■ Dataset records:
.....

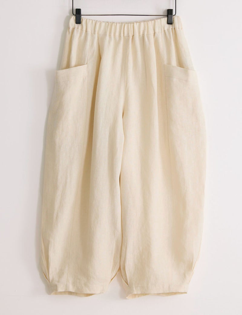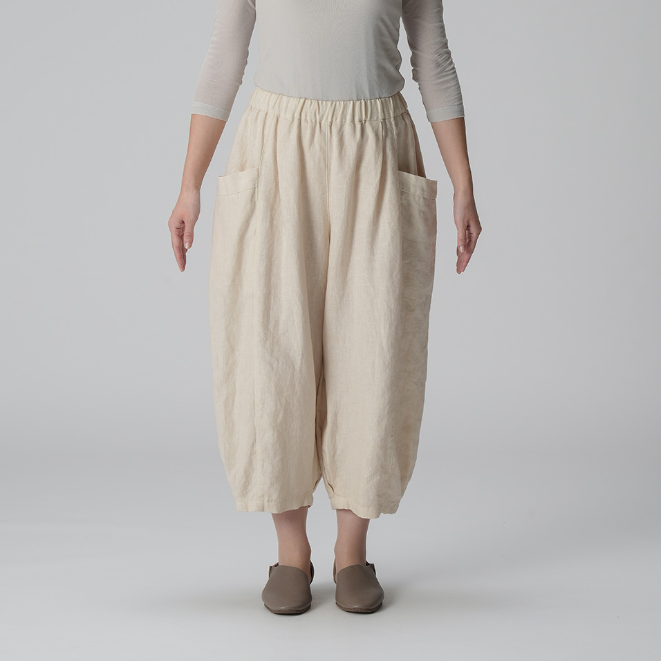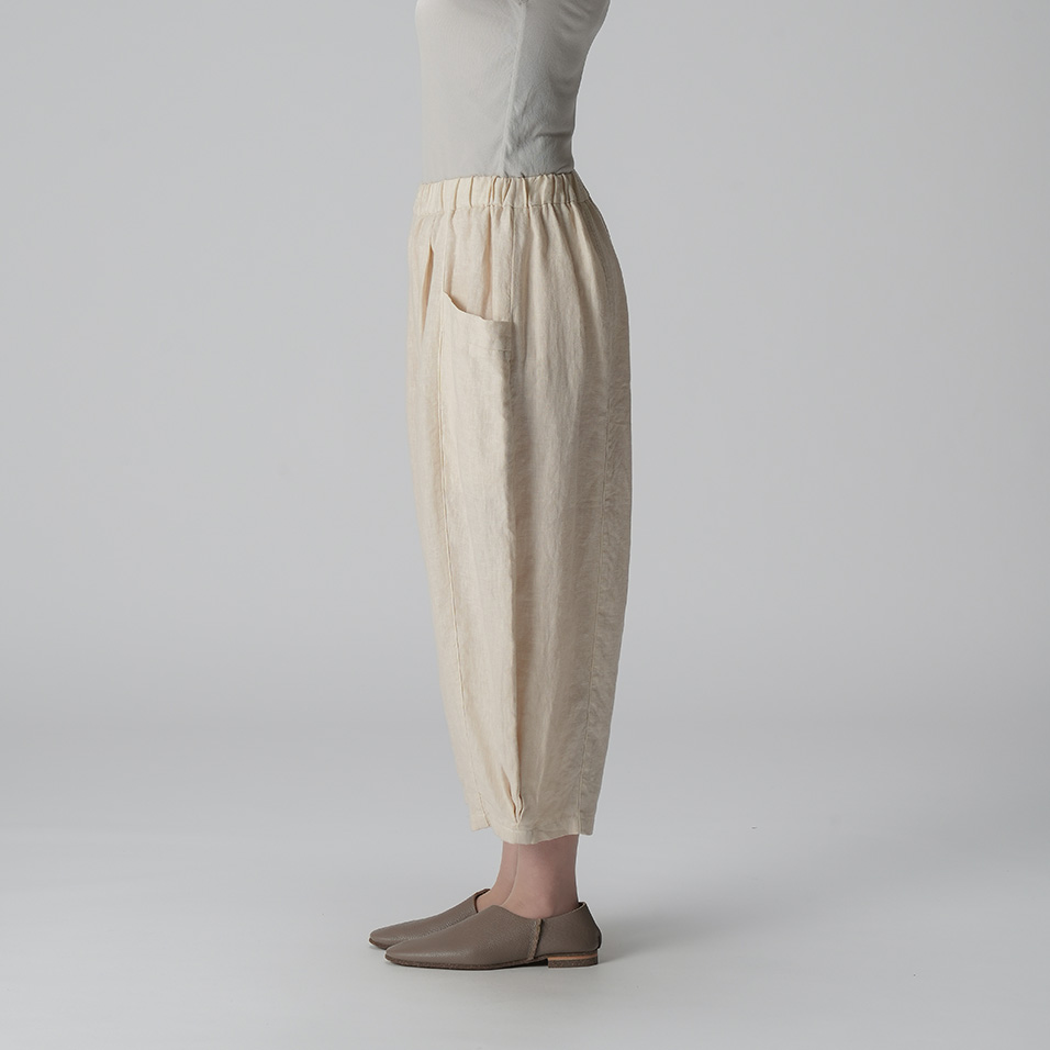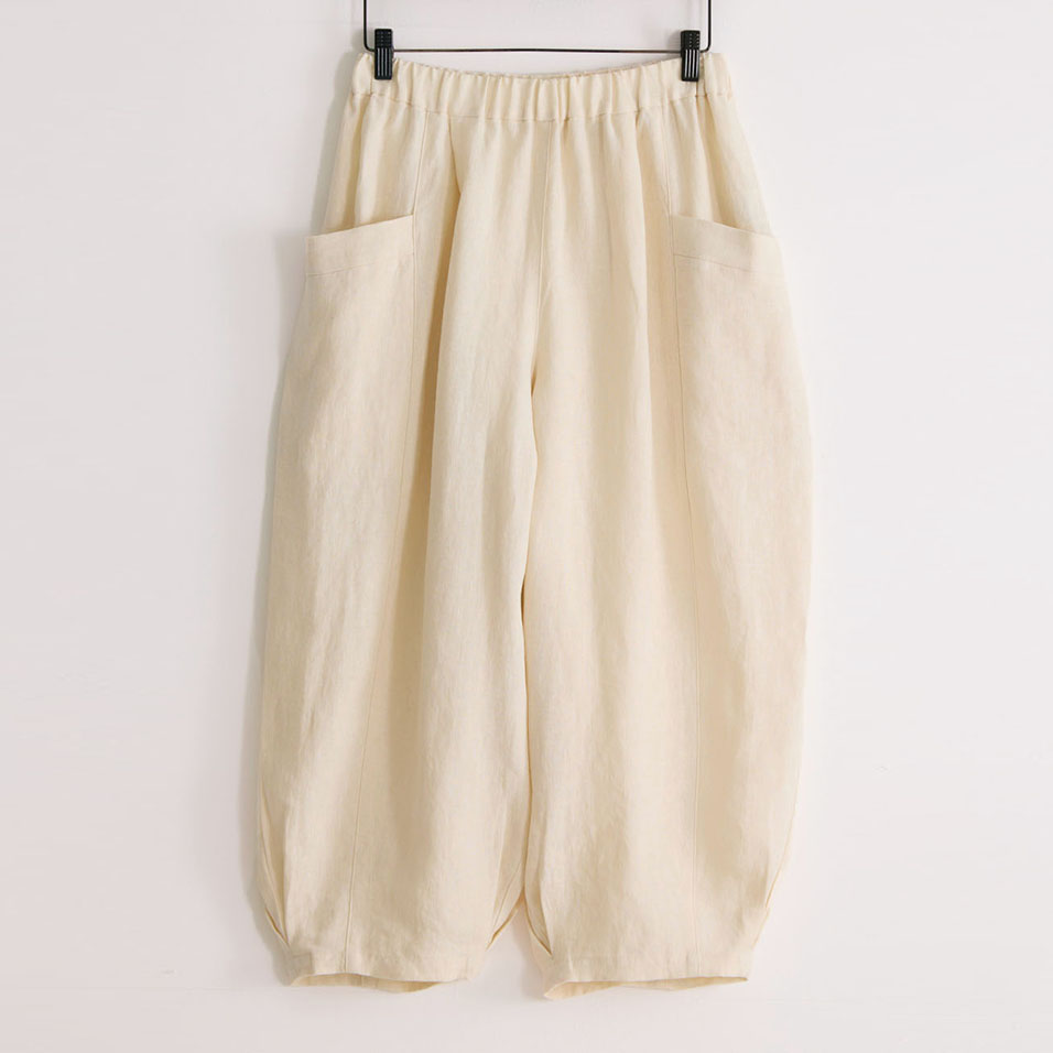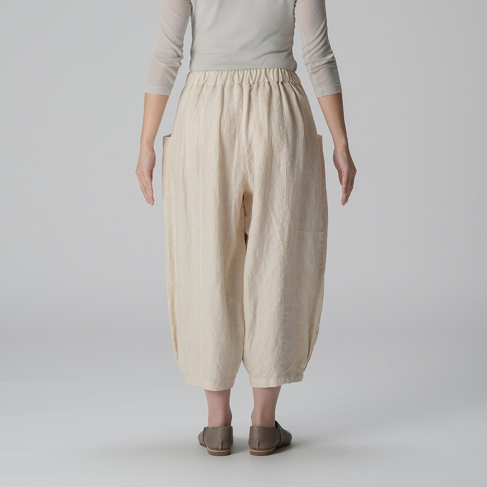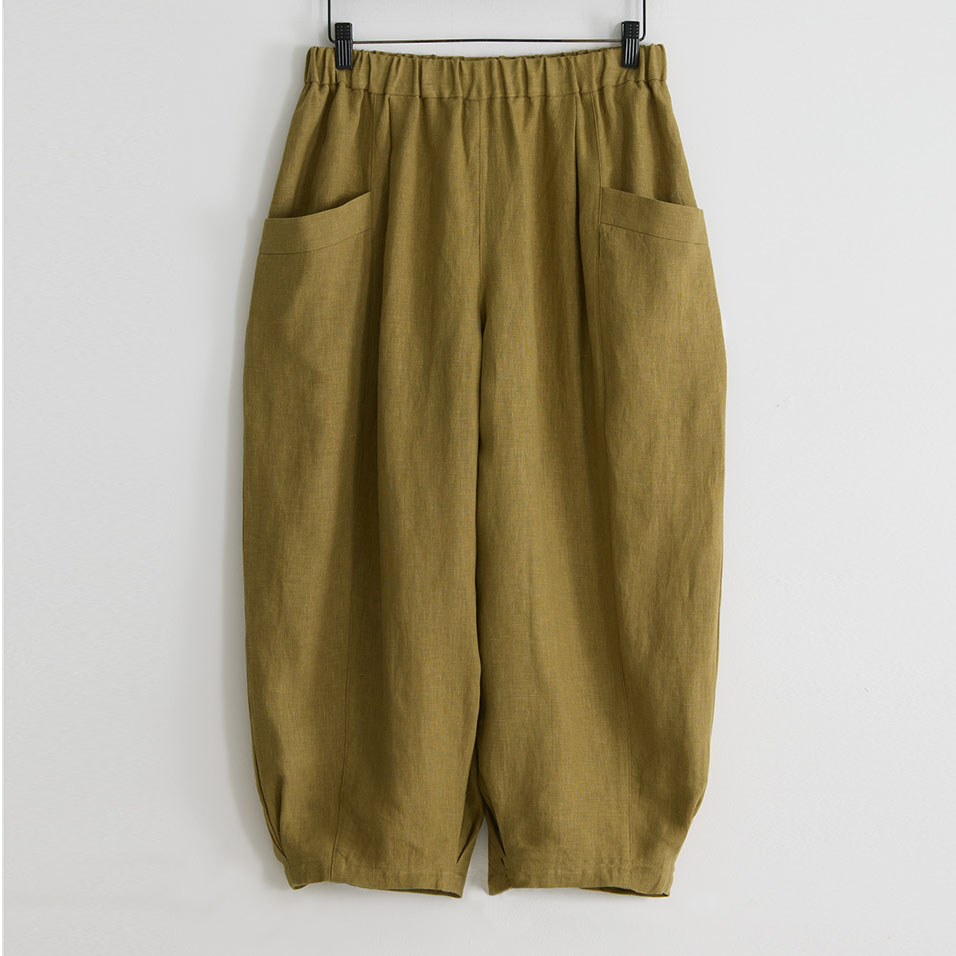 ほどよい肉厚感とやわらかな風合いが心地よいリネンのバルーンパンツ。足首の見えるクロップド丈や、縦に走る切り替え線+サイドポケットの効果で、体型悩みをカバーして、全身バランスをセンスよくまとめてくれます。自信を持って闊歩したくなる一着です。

.....

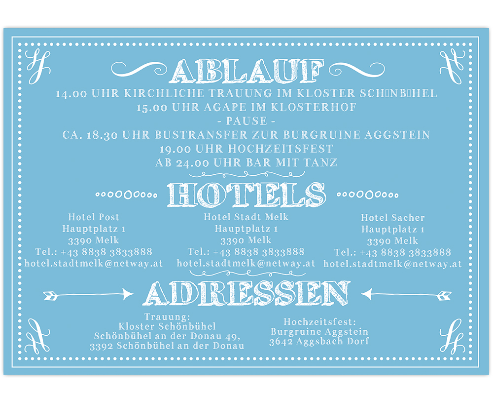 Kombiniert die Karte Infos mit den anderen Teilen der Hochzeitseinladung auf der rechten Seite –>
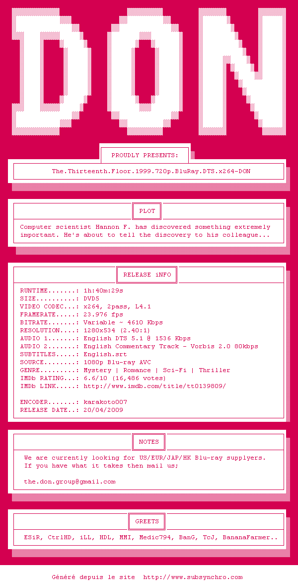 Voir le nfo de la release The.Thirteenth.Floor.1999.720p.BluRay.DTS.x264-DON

.....

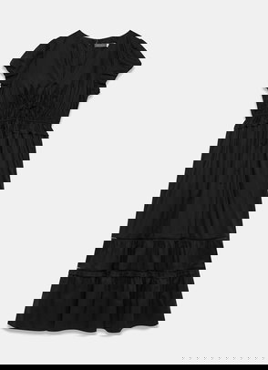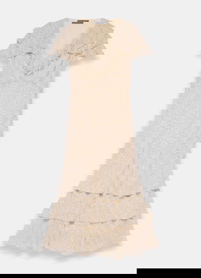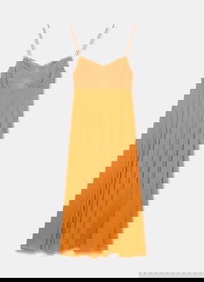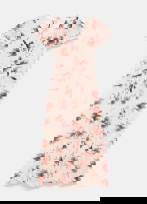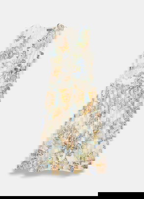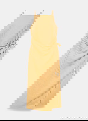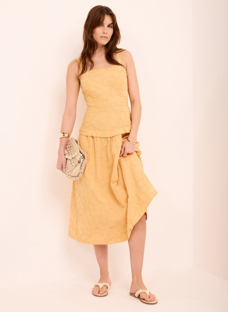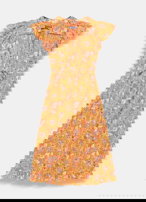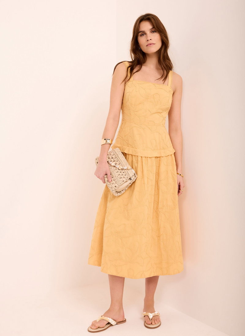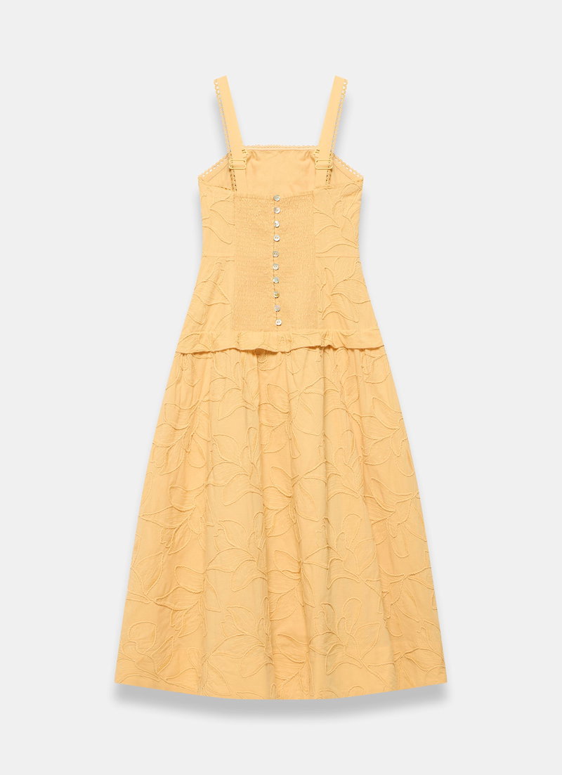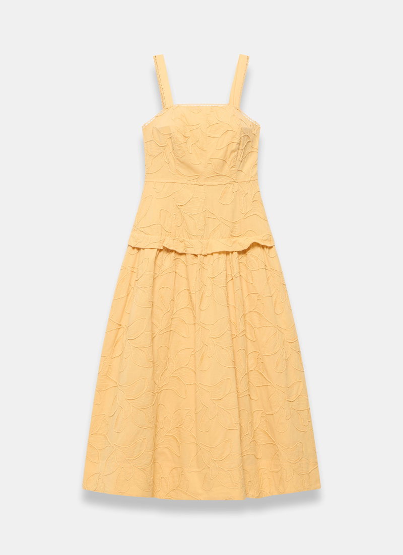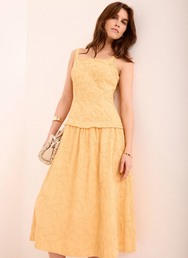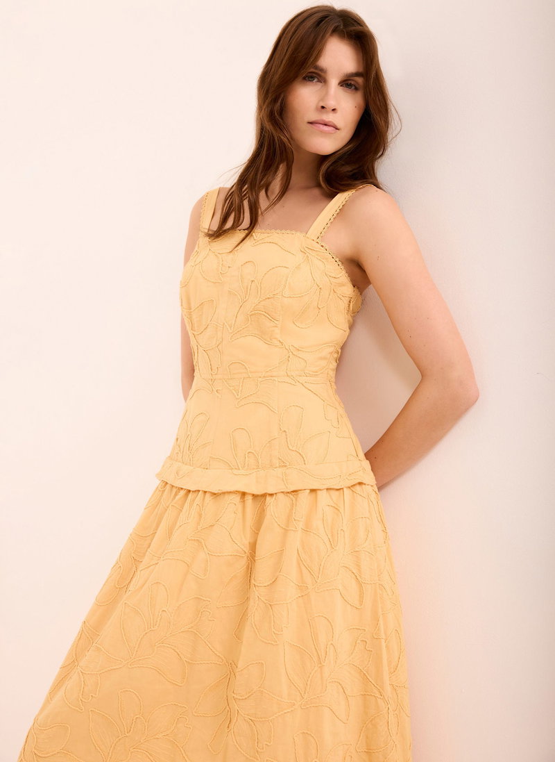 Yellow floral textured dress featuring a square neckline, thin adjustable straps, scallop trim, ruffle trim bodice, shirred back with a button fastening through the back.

.....

Start at the line containing "Kombiniert die Karte" above and stop at the line containing "Voir le nfo". Output those lines exactly, both included, but none of the pictures.

 Kombiniert die Karte Infos mit den anderen Teilen der Hochzeitseinladung auf der rechten Seite –>
 Voir le nfo de la release The.Thirteenth.Floor.1999.720p.BluRay.DTS.x264-DON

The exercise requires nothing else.